In one embodiment of the invention, the probiotic composition or a supplement comprising the composition is tailored for infants of the non-secretor type. In another embodiment, the probiotic composition or a supplement comprising the composition is tailored for infants regardless of their secretor phenotype, whose breast-feeding mother is of the non-secretor blood group type. The probiotic composition or a supplement comprising the composition can be used to enhance the development of a balanced intestinal microbiota composition. Babies of non-secretor mothers are more vulnerable to infections, because the milk of the mother does not contain fucosylated glycans, which act as binding locations for pathogens. The diet of babies of non-secretor mothers could be supplemented with fucosylated glycans as prebiotics, together with or without the bifidobacterium composition of the invention. A typical prebiotic ingredient is an oligo/polysaccharide which is non-digestible in the upper parts of the oro-gastrointestinal tract. These oligosaccharides include, but are not limited to, fructo-oligosaccharides or inulin, galacto-oligosaccharides, soy oligosaccharides, resistant starch, and polydextrose. An example shown to be particularly suitable for Bifidobacteria is lacto-N-biose I (Kiyohara et al., Biosci Biotechnol BioChem 2009; 73: 1175-1179). Prebiotics typically are produced by processing from natural sources e.g. from chicory root or milk, alternatively, they may be chemically synthesized. The daily dose needed for a prebiotic effect is typically several grams per day.

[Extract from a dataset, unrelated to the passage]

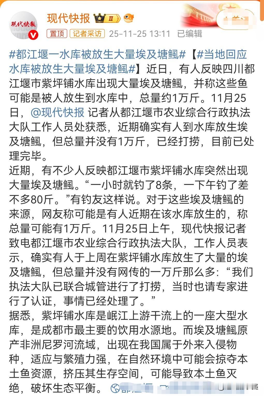 这真是害人不浅啊,近日有人反映,都江堰一水库被放生大量埃及塘鲺,这可是未来物种啊,看上去个头很大。 生存和繁殖能力强。 可能导致本土鱼灭绝。 网传说有1万斤,不过当地进行了否认。 外来物种非常的可怕,总是有一些放生外来物种的新闻。 真是防不胜防。

Additionally, in one embodiment, the invention is related to probiotic composition targeted to elderly individuals for supporting the maintenance of bifidobacteria diversity and abundance.

The probiotic compositions and supplements so designed may have beneficial effects on the health and/or well-being of a human and may be in the form of, for example, a food product, capsule, tablet or powder. The composition can be formulated into a product of dairy or beverage industry, a functional food product or a nutritional supplement as well as a capsule, emulsion, or powder.

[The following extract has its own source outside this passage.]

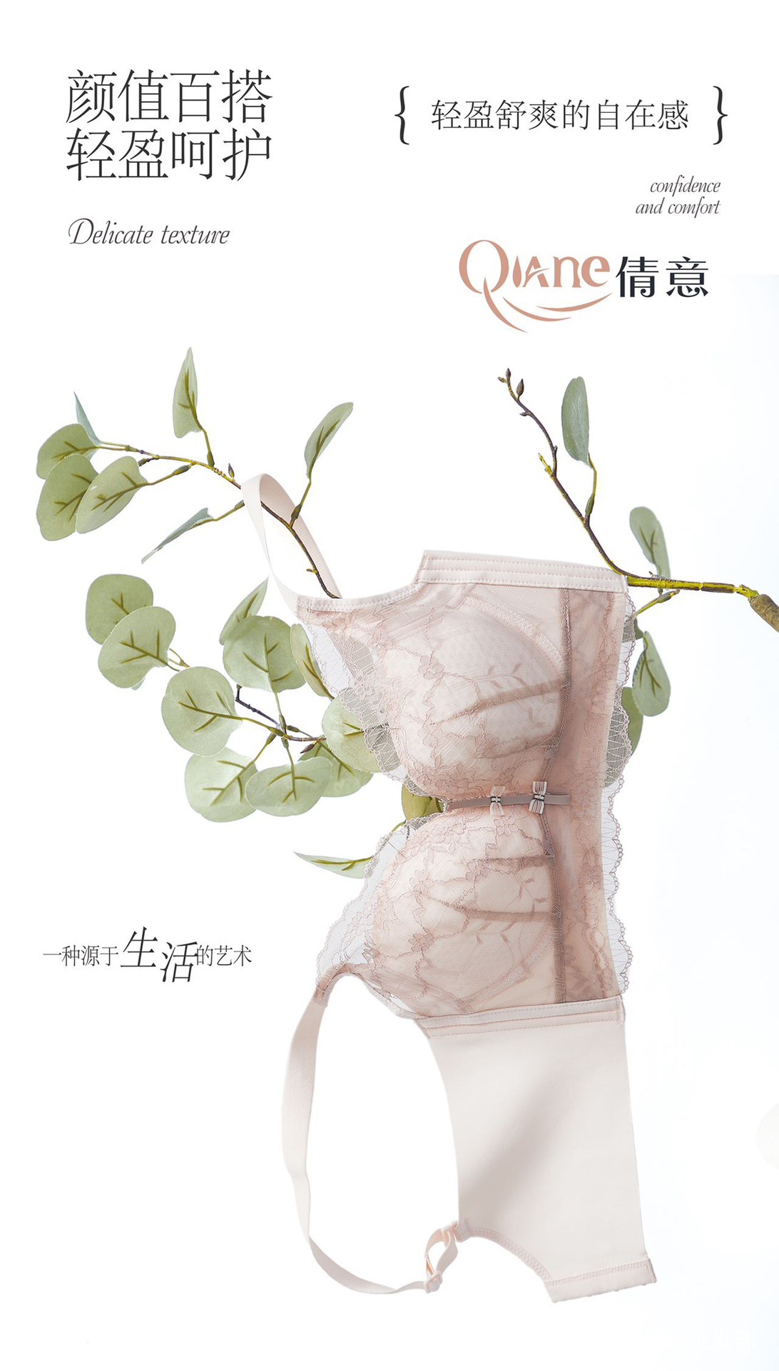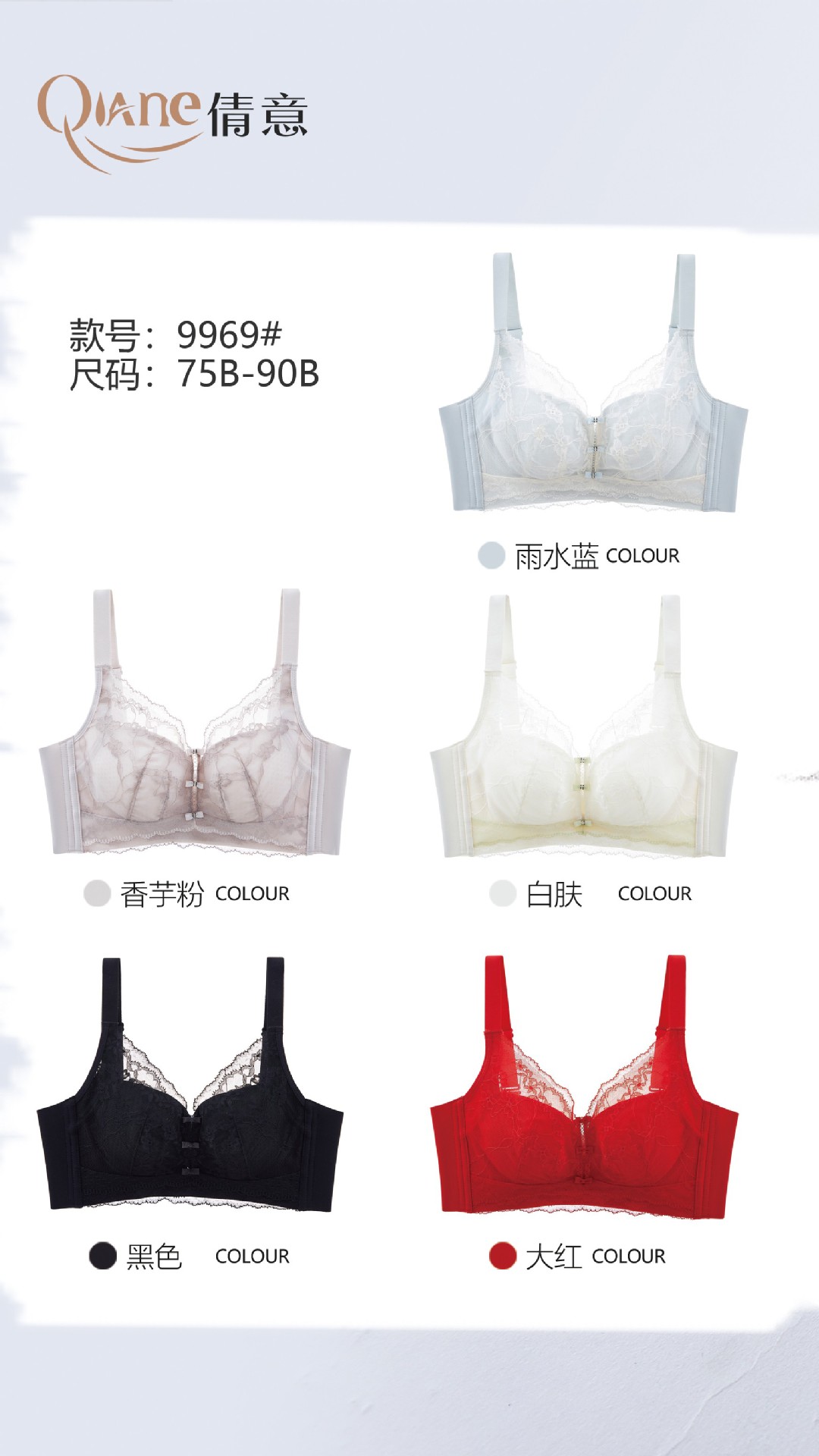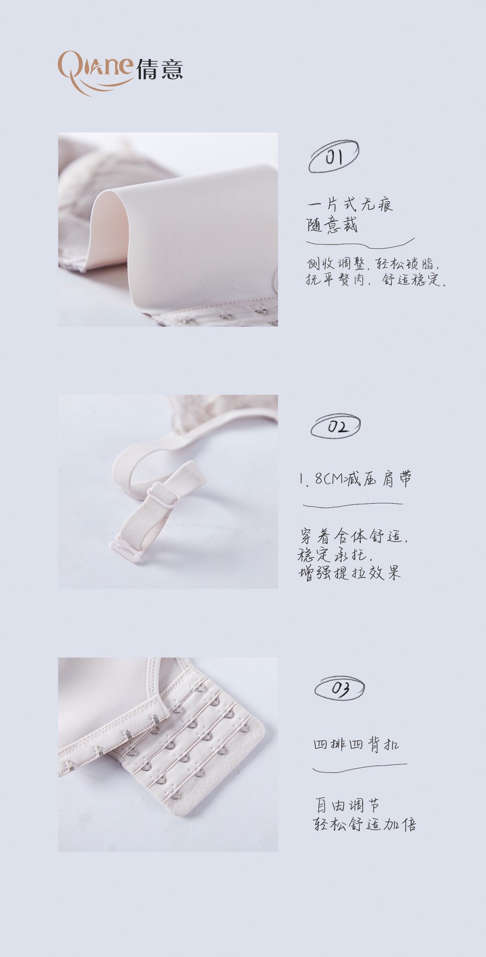 Qianyi 속옷 9947 경량 통기성 샌드위치 종이 B 컵 푸시 업 처짐 방지 조정 가능한 브래지어

A typical probiotic ingredient is freeze-dried powder containing typically 10¹⁰-10¹²viable probiotic bacterial cells per gram. In addition it normally contains freeze drying carriers such as skim milk, short sugars (oligosaccharides such as sucrose or trehalose). Alternatively, the culture preparation can be encapsulated by using e.g. alginate, starch, xanthan as a carrier. A typical probiotic supplement or capsule preparation contains approximately 10⁹-10¹¹viable probiotic bacterial cells per capsule as a single strain or multi-strain combination.

A typical probiotic food product, which can be among others fermented milk product, fermented milk-based product or juice, contains approximately 10⁹-10¹¹viable probiotic bacterial cells per daily dose. Probiotics are incorporated in the product as a probiotic ingredient (frozen pellets or freeze dried powder) or they are cultured in the product, such as yogurt, curd and/or sour milk, during fermentation.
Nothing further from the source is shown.